BEGIN Task inputs
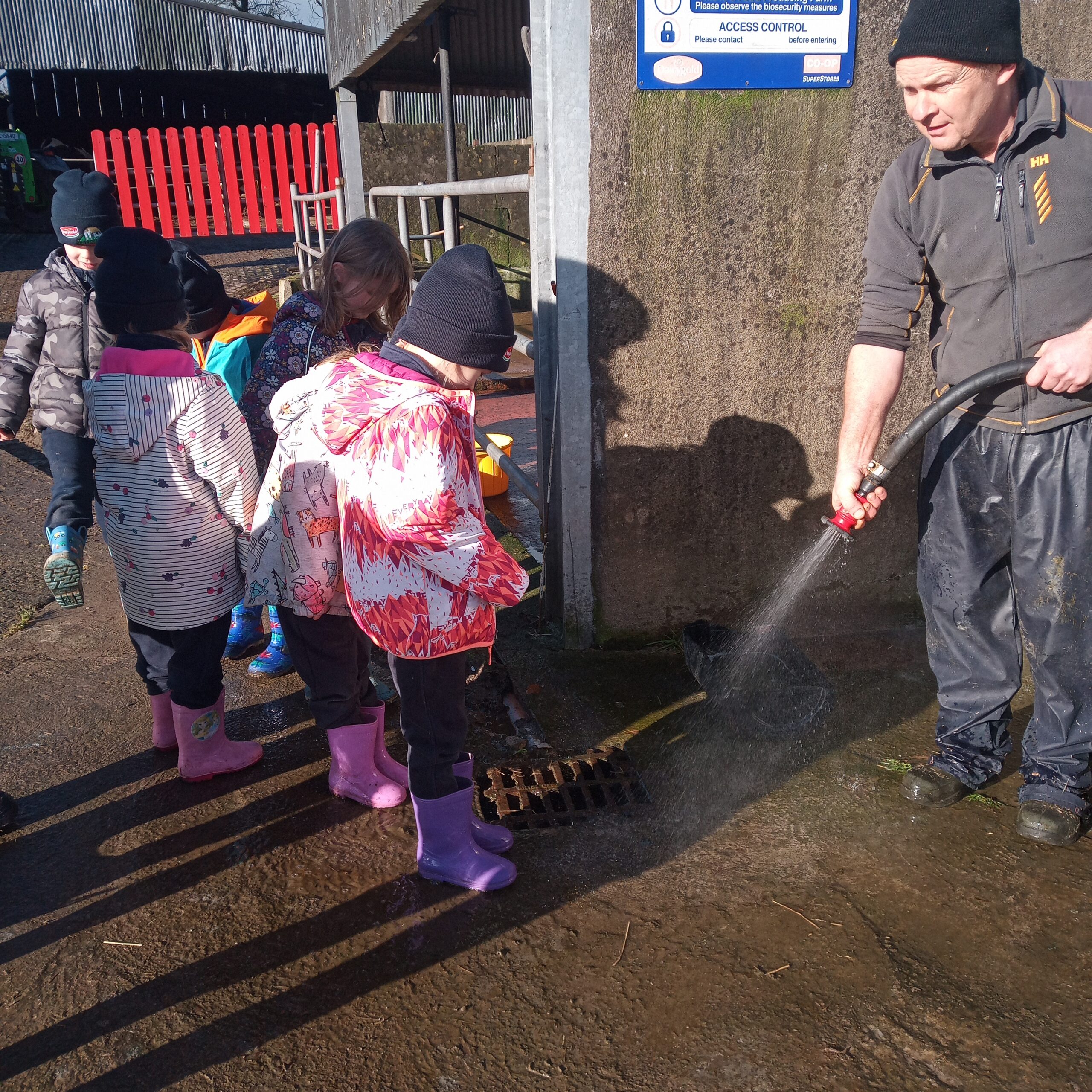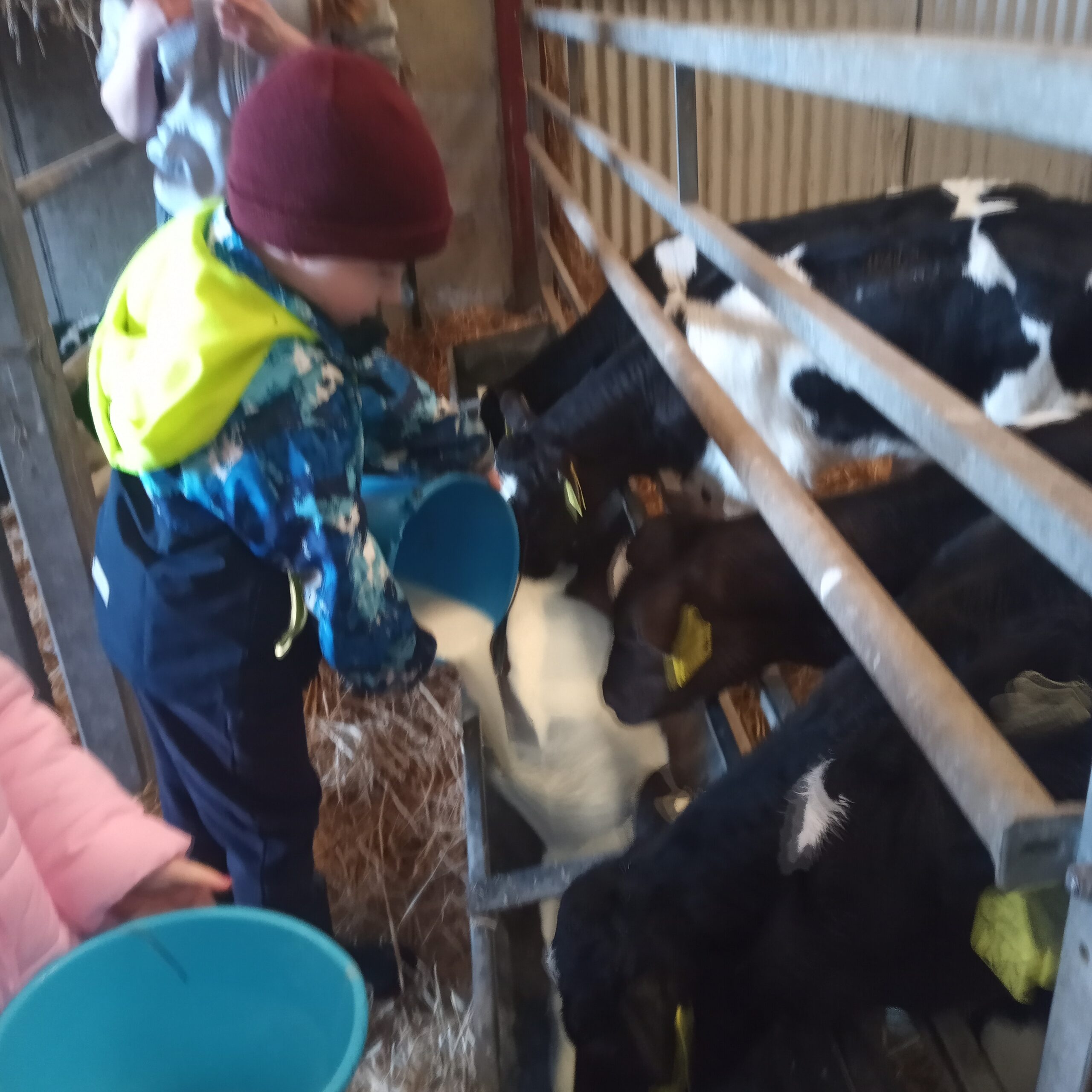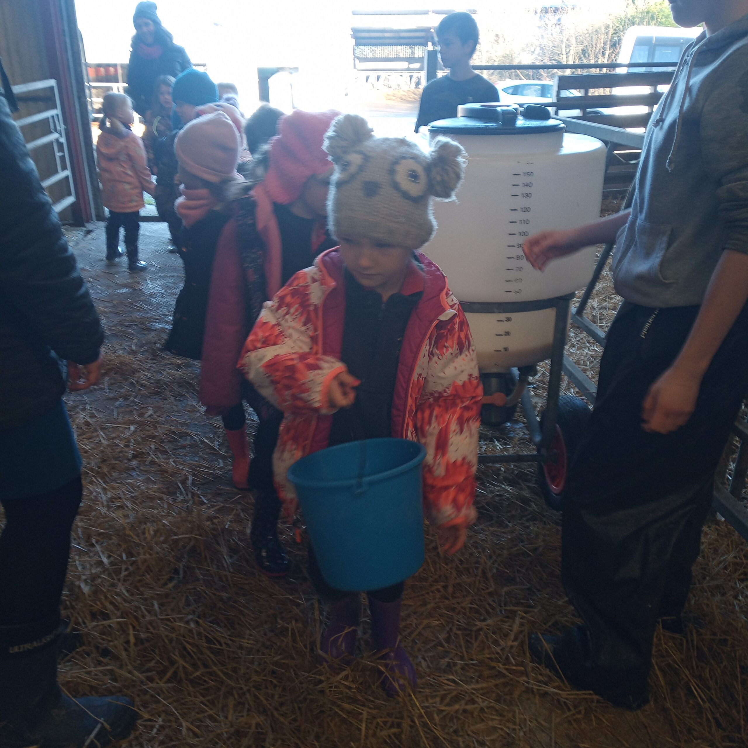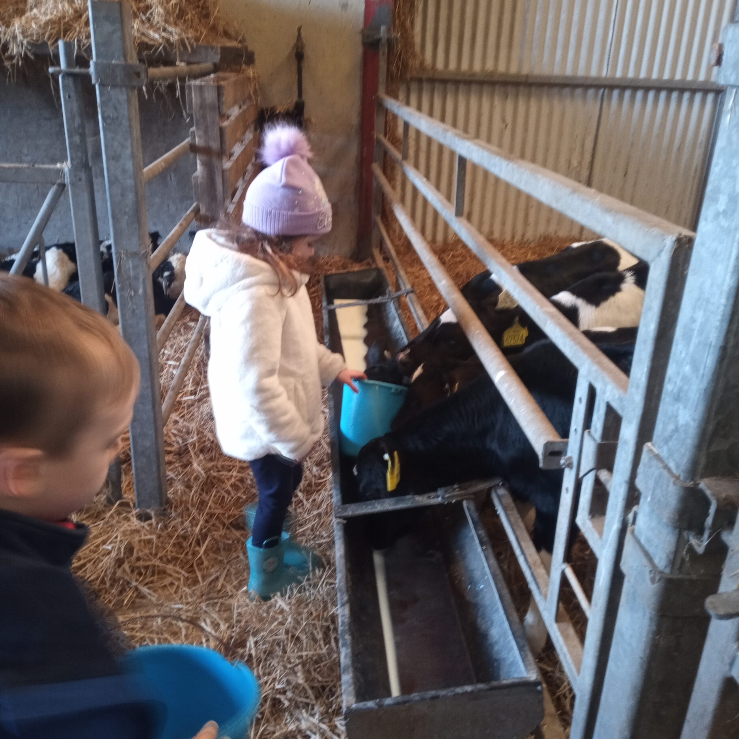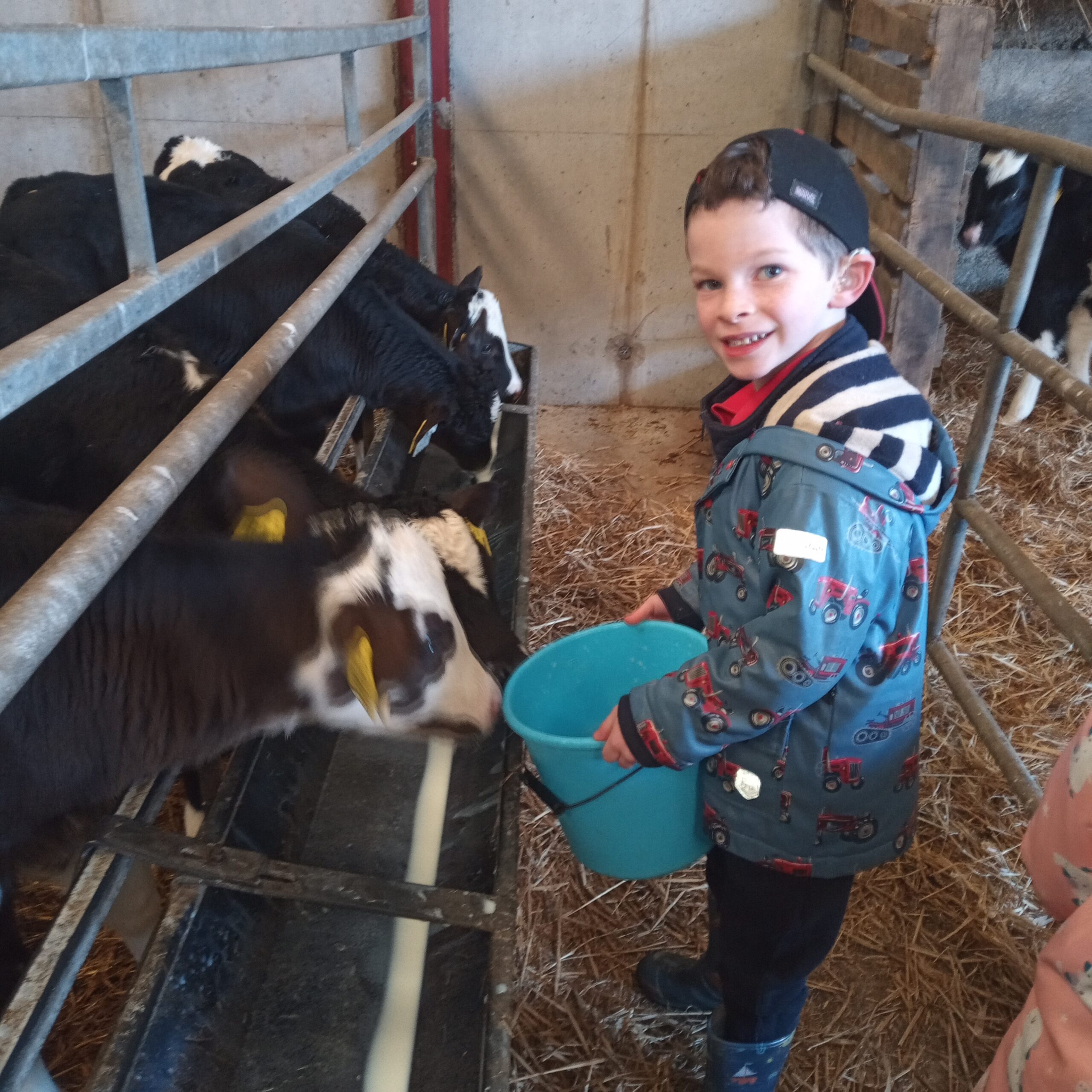 On Wednesday 16th February, Junior Infants went to visit John Canty’s farm. We were very excited to put on our wellies and head off on the bus. When we got to the farm the first thing we did was to wash our wellies before we went into the milking parlour. There we saw three cows being milked. Next we headed over to the calves’ shed where everyone had a turn at feeding the baby calves milk from a bucket. After that we went to the shed where the calves are born. We saw a very new calf, only a few hours old. Finally we cleaned our wellies before we got back on the bus to take us back to school. Everyone got a lovely wooly hat as a souvenier of our trip to the farm.
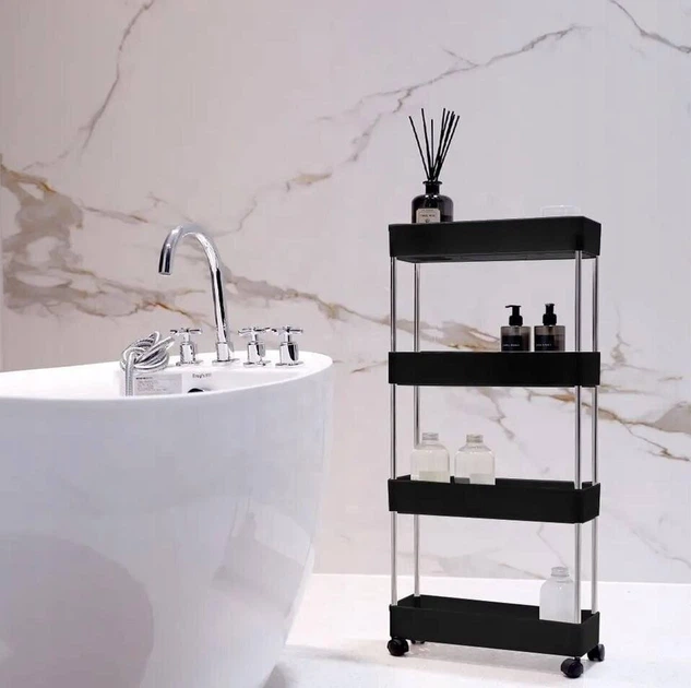 Етажерка на колесах для дому Полиця для зберігання 4 рівня Чорний колір
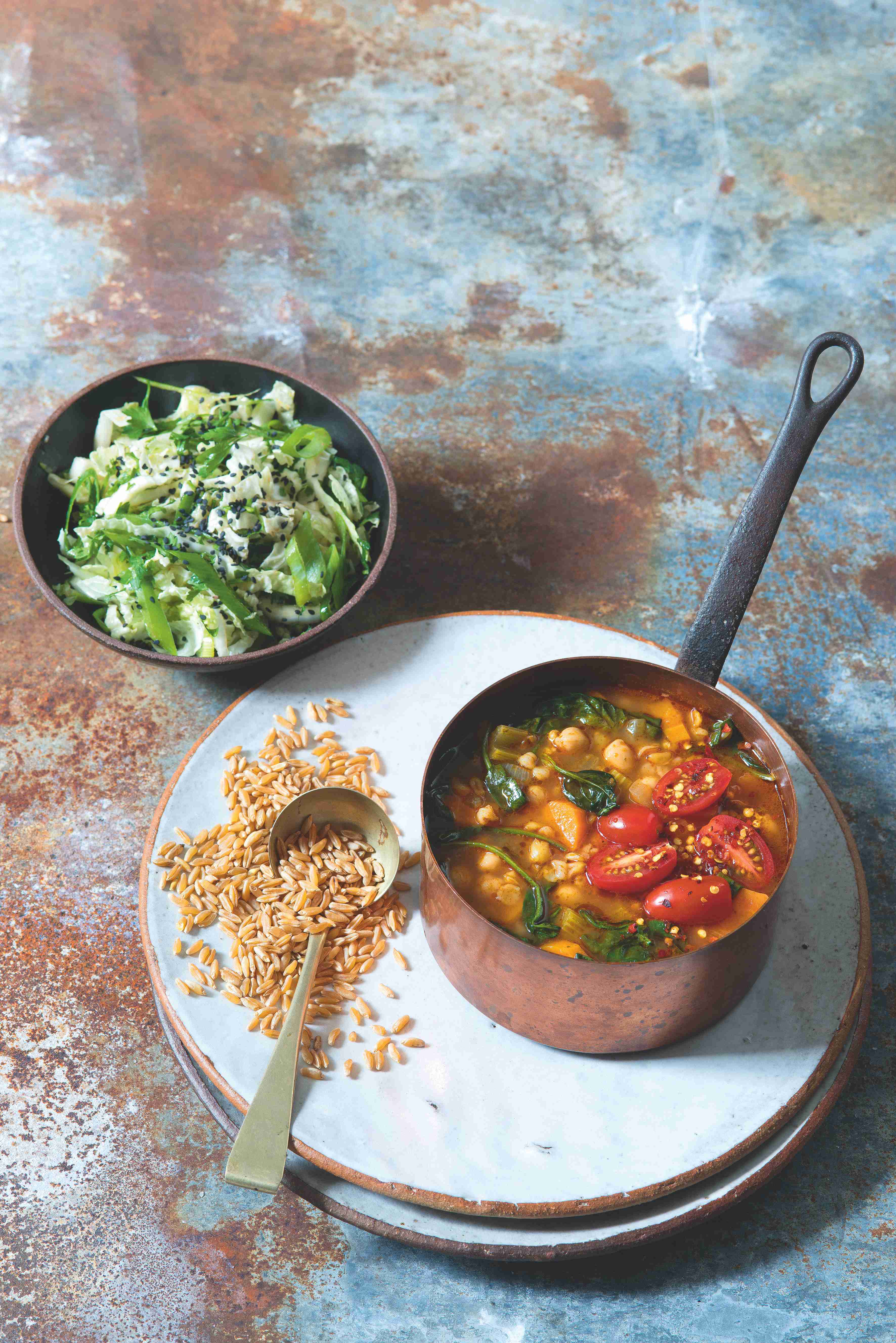 Kamut se botanicky jmenuje pšenice naduřelá, říká se mu také khorasan wheat (chorásánská pšenice, pšenice khorasan). Jedno zrno kamutu je skoro tak velké jako dvě zrna běžné pšenice. Zajímavý je obsahem bílkovin a minerálů a také tím, že se jedná o registrovanou značku, která se pěstuje výhradně v ekologickém zemědělství. Jeho chuť připomíná popcorn. V pokrmu ho můžete nahradit jiným druhem pšenice nebo přírodní či divokou rýží. Křupavý salát nadchl i ty, kdo jinak pekingské zelí úplně nemusejí.
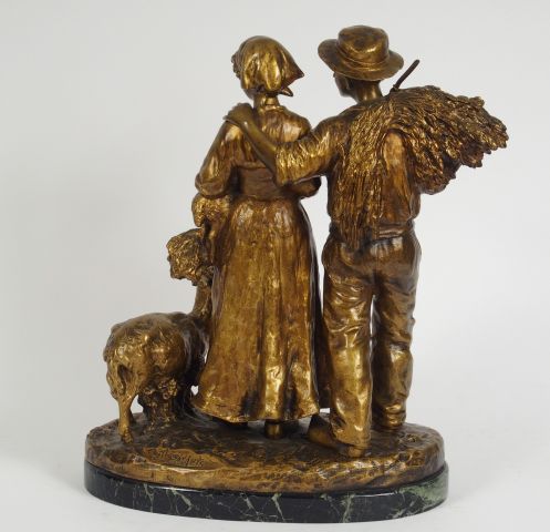 J. d’ASTE. Sculpture en bronze à patine dorée, "Couple de paysans et leurs animaux". Sur un socle en marbre vert de mer. H. : 37,5 cm. Signé.
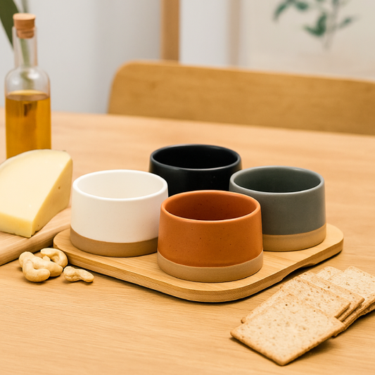 Preço normal R$ 129,00Preço normalPreço unitário / porR$ 129,00Preço promocional R$ 129,00Esta petisqueira escolha perfeita para servir seus petiscos favoritos de forma elegante e sofisticada. Com 4 bowls de cerâmica e uma bandeja de bambu, você pode organizar diferentes tipos de petiscos para seus convidados. Material: Cerâmica e bambu Medidas Aproximadas: C: 22 cm x L: 22 cm x A: 5,5 cm As fotos dos produtos podem ter pequenas variações de cor comparadas ao produto original. As fotos dos produtos podem ter pequenas variações de cor comparadas ao produto original. Código: 5463 -
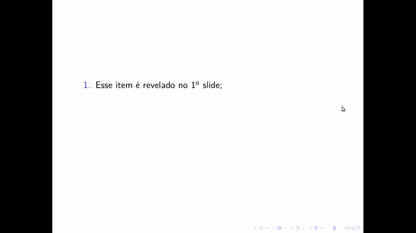 É muito comum ver apresentações onde o conteúdo de um frame aparece gradualmente. Isso pode ser feito no Beamer
END Task inputs
What you should do
Output the material above exactly, without pictures.

Answer box
 On Wednesday 16th February, Junior Infants went to visit John Canty’s farm. We were very excited to put on our wellies and head off on the bus. When we got to the farm the first thing we did was to wash our wellies before we went into the milking parlour. There we saw three cows being milked. Next we headed over to the calves’ shed where everyone had a turn at feeding the baby calves milk from a bucket. After that we went to the shed where the calves are born. We saw a very new calf, only a few hours old. Finally we cleaned our wellies before we got back on the bus to take us back to school. Everyone got a lovely wooly hat as a souvenier of our trip to the farm.
 Етажерка на колесах для дому Полиця для зберігання 4 рівня Чорний колір
 Kamut se botanicky jmenuje pšenice naduřelá, říká se mu také khorasan wheat (chorásánská pšenice, pšenice khorasan). Jedno zrno kamutu je skoro tak velké jako dvě zrna běžné pšenice. Zajímavý je obsahem bílkovin a minerálů a také tím, že se jedná o registrovanou značku, která se pěstuje výhradně v ekologickém zemědělství. Jeho chuť připomíná popcorn. V pokrmu ho můžete nahradit jiným druhem pšenice nebo přírodní či divokou rýží. Křupavý salát nadchl i ty, kdo jinak pekingské zelí úplně nemusejí.
 J. d’ASTE. Sculpture en bronze à patine dorée, "Couple de paysans et leurs animaux". Sur un socle en marbre vert de mer. H. : 37,5 cm. Signé.
 Preço normal R$ 129,00Preço normalPreço unitário / porR$ 129,00Preço promocional R$ 129,00Esta petisqueira escolha perfeita para servir seus petiscos favoritos de forma elegante e sofisticada. Com 4 bowls de cerâmica e uma bandeja de bambu, você pode organizar diferentes tipos de petiscos para seus convidados. Material: Cerâmica e bambu Medidas Aproximadas: C: 22 cm x L: 22 cm x A: 5,5 cm As fotos dos produtos podem ter pequenas variações de cor comparadas ao produto original. As fotos dos produtos podem ter pequenas variações de cor comparadas ao produto original. Código: 5463 -
 É muito comum ver apresentações onde o conteúdo de um frame aparece gradualmente. Isso pode ser feito no Beamer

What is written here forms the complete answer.